Working data
*** Begin section ***
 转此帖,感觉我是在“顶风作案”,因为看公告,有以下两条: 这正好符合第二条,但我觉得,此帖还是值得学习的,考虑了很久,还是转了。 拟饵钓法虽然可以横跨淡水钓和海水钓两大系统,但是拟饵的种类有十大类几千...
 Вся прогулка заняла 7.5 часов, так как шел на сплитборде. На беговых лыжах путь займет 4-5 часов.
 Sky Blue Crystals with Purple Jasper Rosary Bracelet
*** End section ***
*** Begin section ***
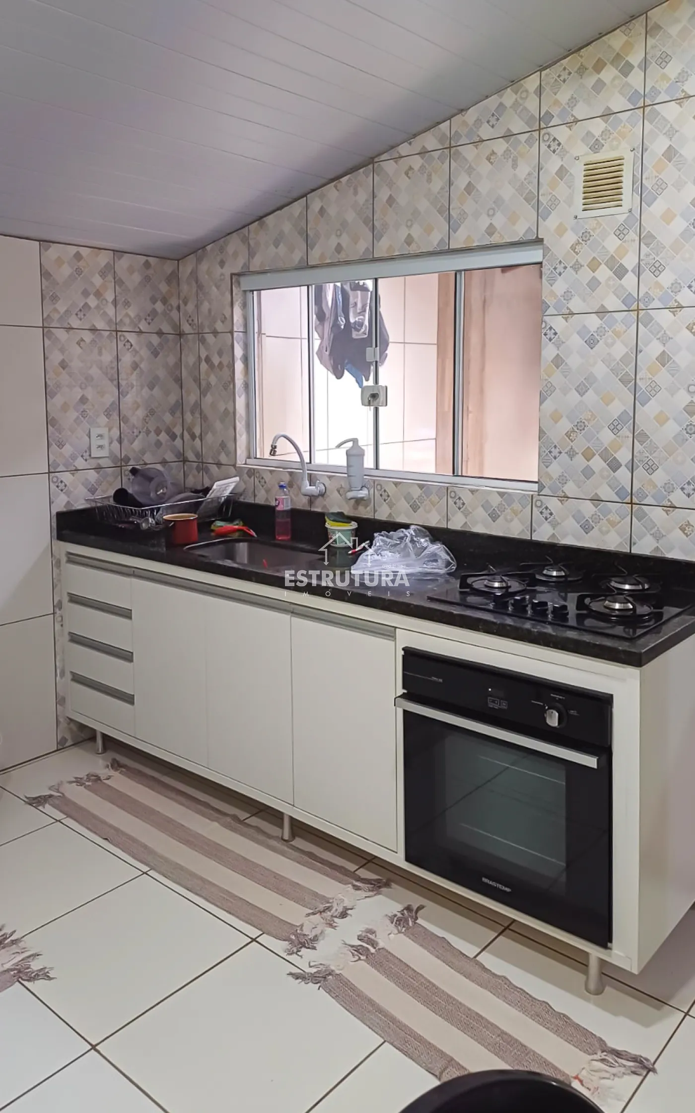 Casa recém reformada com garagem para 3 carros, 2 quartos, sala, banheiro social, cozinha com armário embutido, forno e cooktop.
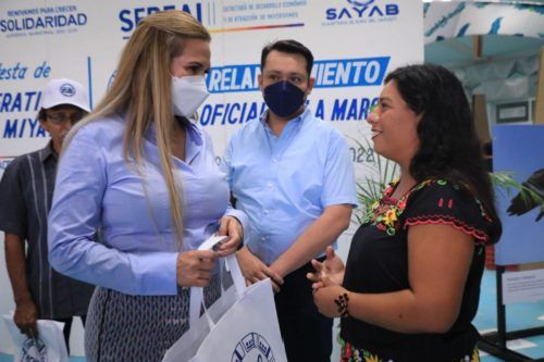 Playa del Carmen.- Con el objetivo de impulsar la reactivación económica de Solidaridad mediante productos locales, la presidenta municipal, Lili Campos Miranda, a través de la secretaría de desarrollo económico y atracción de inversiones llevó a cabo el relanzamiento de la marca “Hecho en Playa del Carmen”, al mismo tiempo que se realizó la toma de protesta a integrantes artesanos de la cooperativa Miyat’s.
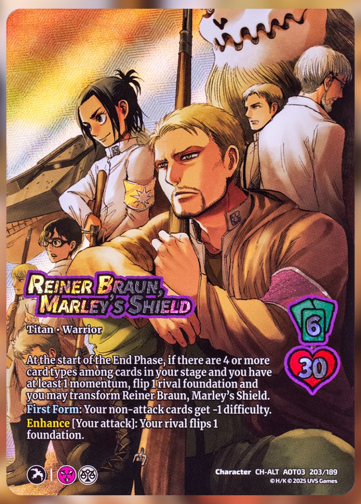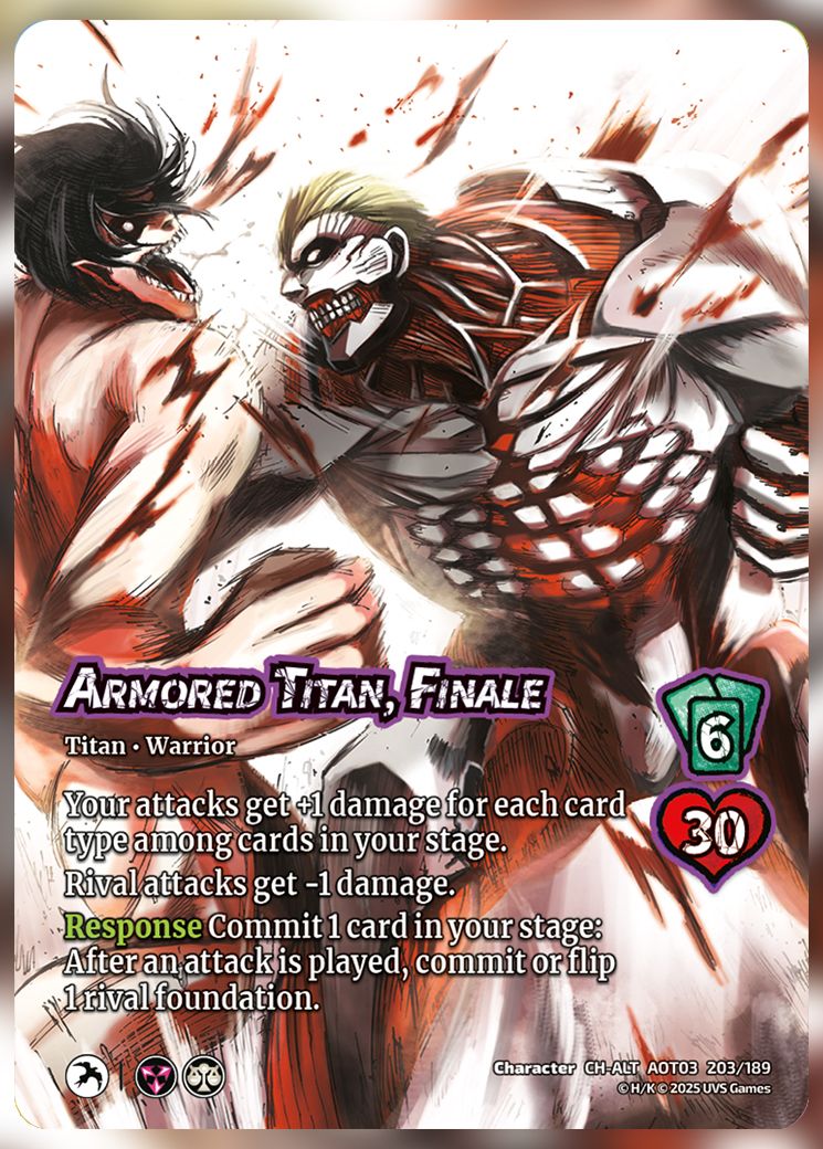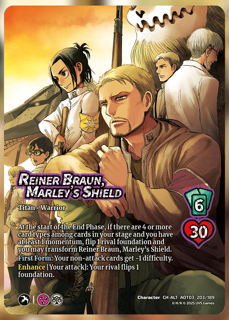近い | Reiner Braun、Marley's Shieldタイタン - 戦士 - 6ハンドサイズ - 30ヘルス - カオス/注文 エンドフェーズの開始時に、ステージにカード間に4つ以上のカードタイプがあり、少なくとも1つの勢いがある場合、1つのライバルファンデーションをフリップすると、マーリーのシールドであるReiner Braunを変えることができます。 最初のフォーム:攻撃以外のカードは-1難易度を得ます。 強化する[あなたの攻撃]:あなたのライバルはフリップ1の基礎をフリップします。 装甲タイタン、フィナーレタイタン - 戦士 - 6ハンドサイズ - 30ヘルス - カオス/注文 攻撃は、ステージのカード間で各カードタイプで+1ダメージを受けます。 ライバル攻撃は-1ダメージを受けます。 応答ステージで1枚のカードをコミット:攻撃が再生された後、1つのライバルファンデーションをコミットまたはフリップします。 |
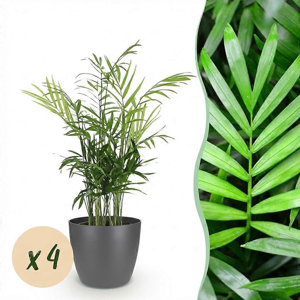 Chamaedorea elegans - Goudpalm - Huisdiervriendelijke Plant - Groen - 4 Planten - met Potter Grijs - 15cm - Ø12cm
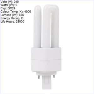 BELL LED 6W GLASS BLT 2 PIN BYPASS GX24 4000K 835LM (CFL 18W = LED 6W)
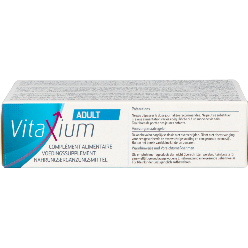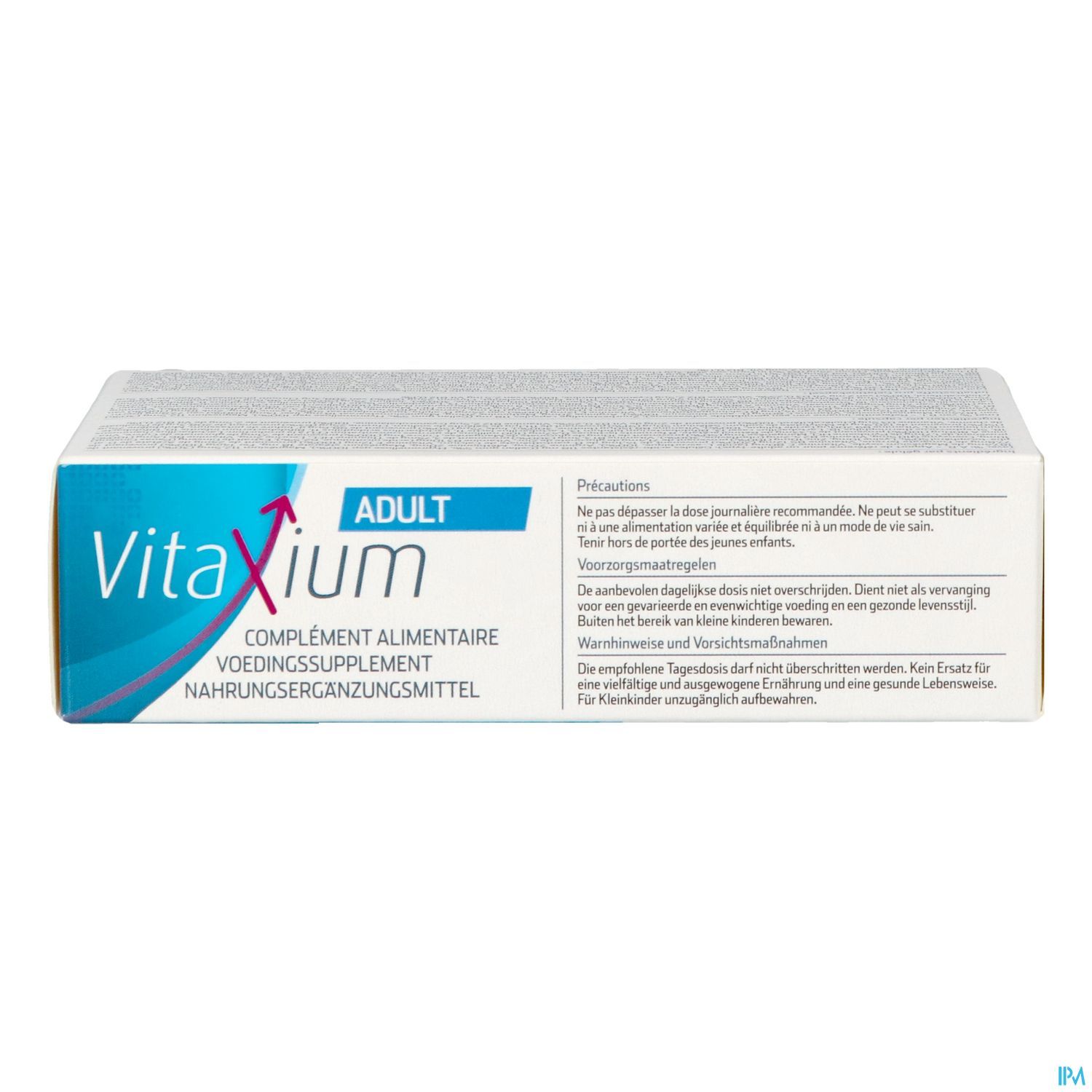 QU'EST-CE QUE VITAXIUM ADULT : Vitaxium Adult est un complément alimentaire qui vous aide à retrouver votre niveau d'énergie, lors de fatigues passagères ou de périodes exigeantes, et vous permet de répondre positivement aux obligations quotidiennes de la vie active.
*** End section ***
Word for word, retype the lines in the entries above that run from the one with "Casa recém reformada" through the one with "近い | Reiner". Both ends count; pictures do not.

Task answer
 Casa recém reformada com garagem para 3 carros, 2 quartos, sala, banheiro social, cozinha com armário embutido, forno e cooktop.
 Playa del Carmen.- Con el objetivo de impulsar la reactivación económica de Solidaridad mediante productos locales, la presidenta municipal, Lili Campos Miranda, a través de la secretaría de desarrollo económico y atracción de inversiones llevó a cabo el relanzamiento de la marca “Hecho en Playa del Carmen”, al mismo tiempo que se realizó la toma de protesta a integrantes artesanos de la cooperativa Miyat’s.
近い | Reiner Braun、Marley's Shieldタイタン - 戦士 - 6ハンドサイズ - 30ヘルス - カオス/注文 エンドフェーズの開始時に、ステージにカード間に4つ以上のカードタイプがあり、少なくとも1つの勢いがある場合、1つのライバルファンデーションをフリップすると、マーリーのシールドであるReiner Braunを変えることができます。 最初のフォーム:攻撃以外のカードは-1難易度を得ます。 強化する[あなたの攻撃]:あなたのライバルはフリップ1の基礎をフリップします。 装甲タイタン、フィナーレタイタン - 戦士 - 6ハンドサイズ - 30ヘルス - カオス/注文 攻撃は、ステージのカード間で各カードタイプで+1ダメージを受けます。 ライバル攻撃は-1ダメージを受けます。 応答ステージで1枚のカードをコミット:攻撃が再生された後、1つのライバルファンデーションをコミットまたはフリップします。 |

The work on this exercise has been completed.